The access control to the information within a system ensures the correct manipulation of the data. In the four systems that we analyzed, the access to the information was restricted by the definition of roles and user permissions to view, read, modify, or remove data. Table 9 shows the F1 score means of FGTHunter obtained when using it for finding the lines of code most related to the requirements associated with the statute 164.312 (a) (1) of HIPAA in each system. The average harmonic mean has an acceptable level, greater than 0.4 points, in OPENMRS, OSCAR and TAPAS. On the other hand, for iTrust the algorithm had the lowest performance. What happens is that the access control by roles in iTrust was handled by access restrictions defined in the configuration .xml files for the TOMCAT server.
Assigning a unique identifier to each entity of a system ensures the correct manipulation of the data and facilitates the control of the information integrity. According to our observations, the restrictions of non-repetition were always defined at the database level, that is, the traceability of the requirements associated with the Statute 164.312 (a)(2) (i) of HIPAA was carried out analyzing .sql files with thousands of code lines impacting negatively on the precision of our technique. However, according to the results, for OSCAR and OPENMRS systems the algorithm reaches its highest performance, probably because at the application level, the uniqueness of the identifiers for each entity was also validated.
Ensuring the correct implementation of access control mechanisms is a fundamental aspect in any system that manipulates critical information. Such control strategies range from verification of passwords and access codes to role management within the system. Considering the wide spectrum of artifacts in each system that may be related to HIPAA Statute 164.312 (d), it is natural that the accuracy tend to be very high; however in TAPAS that value is low, maybe because the access control in this application is not clearly defined at the application level, i.e., there are no login forms or access restrictions, and externally they must control the access to the information by applying restrictions policies.
Closing the session after a period of inactivity is a measure of additional protection that usually exists to avoid improper manipulation of the data. The session time limit for a given user is often specified in a particular line of code within the application, either through a property file, a database record or a global variable. Considering the quantity of artifacts analyzed and the reduced number of code lines in which the requirements related to statute 164.312 (a)(2)(iii) of HIPAA are implemented, for iTrust and OSCAR the level of precision was very low. According to Table 9, TAPAS is the exception probably because in many parts of the code the mechanisms for closing inactive sessions are repeated, once a particular operation has started.
As a security measure, many information systems keep a record of unsuccessful attempts prior to login for a particular service. Depending on the number of failed attempts, an account is blocked for a period of time or indefinitely until an administrator decides to unblock it.

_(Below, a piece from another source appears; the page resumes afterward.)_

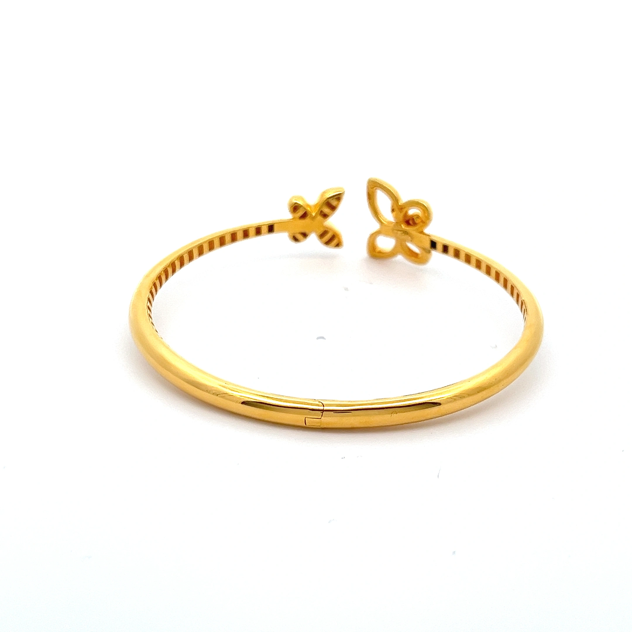A charming 916 gold open-ended bangle featuring a pair of intricately crafted butterfly motifs at each end. This symmetrical design offers a delicate and playful elegance, perfect for adding a touch of natural beauty to your style. It is both lightweight and comfortable.

Table 9 summarizes the traceability results for the requirements related to HIPAA Statute 164.308 (a)(5)(ii)(C). The case with less precision was iTrust, probably because there are very few code lines where the control of failed attempts is made.

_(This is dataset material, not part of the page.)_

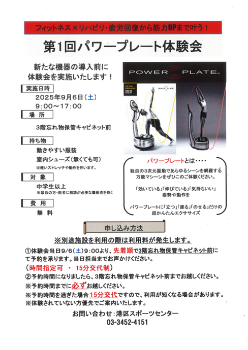 【港区スポーツセンター】第一回パワープレート体験会開催のお知らせ
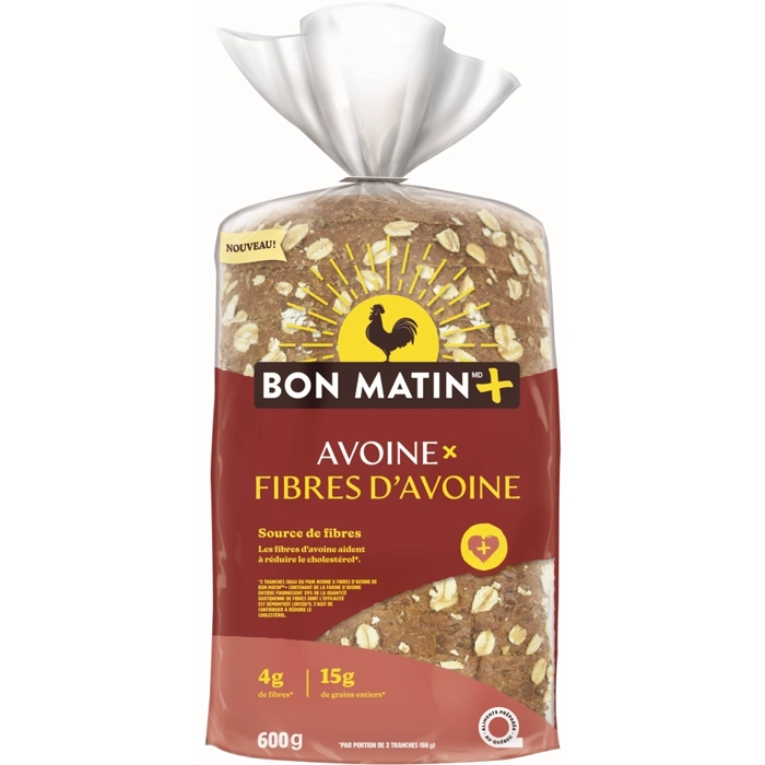 Profitez des bienfaits des fibres d'avoine grâce au pain Avoine x fibres d'avoine de Bon Matin +. Regorgeant d’ingrédients nutritifs et un source de fibres, ce pain contient 4 g de fibres et 15 g de g...

When a user of the system views or edits the information of a particular patient, the audit information should be enough to know the detail of the modifications made to critical data, as is established by the statute 164.308 (a)(1)(ii)(D) of HIPAA. Table 9 shows the average of the harmonic mean for the systems that implemented control mechanisms of visualization for audited data. In general, the performance of the traceability algorithm was acceptable, above 0.4.

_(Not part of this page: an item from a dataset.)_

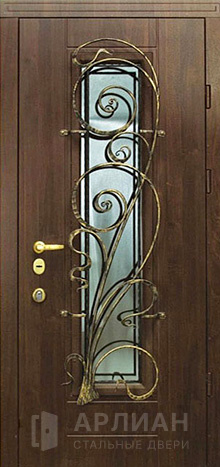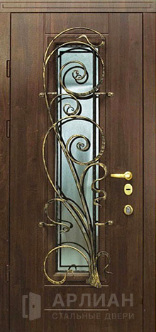 Кованая входная дверь в частный дом со стеклопакетом №4

As a measure of securing information in the event of a disaster, data security should be periodically generated from the information contained in the database in order to be effectively restored. The HIPAA statute 164.308 (a)(7)(ii)(A) refers to this topic, as shown in Table 9. OSCAR was the system in which our algorithm reached a higher precision, while TAPAS was the opposite case. This particular behavior can be proved when we compare the source code artifacts from both systems that were involved in the implementation of such a statute. From our findings in the preliminary analysis, we observe that OSCAR has more lines of code associated with data backups and database restoration than TAPAS.
This paper presents a novel approach to a fine-grained traceability problem that is common in the healthcare systems context. Our findings indicate that the precision of FGTHunter is, in general, more than 0,4 for each HIPAA requirement (Average F1 score).
The regulations related to audit control standards and session expiration in the implementation of healthcare systems were the hardest to trace to source code statements. In those cases, our approach achieved the lowest precision (about 0,35 F1 score mean, for each system). Very few lines and source code structures related to these requirements were successfully mapped by our algorithm for each system. This can be explained by the few places within the source code where these requirements were implemented, increasing in that way the recall of our technique and decreasing the precision. With respect to the other statutes defined in the privacy and security rule of HIPAA, the performance of our algorithm was acceptable (over 0,4 F1 score mean) and in some cases excellent (over 0,8 F1 score mean).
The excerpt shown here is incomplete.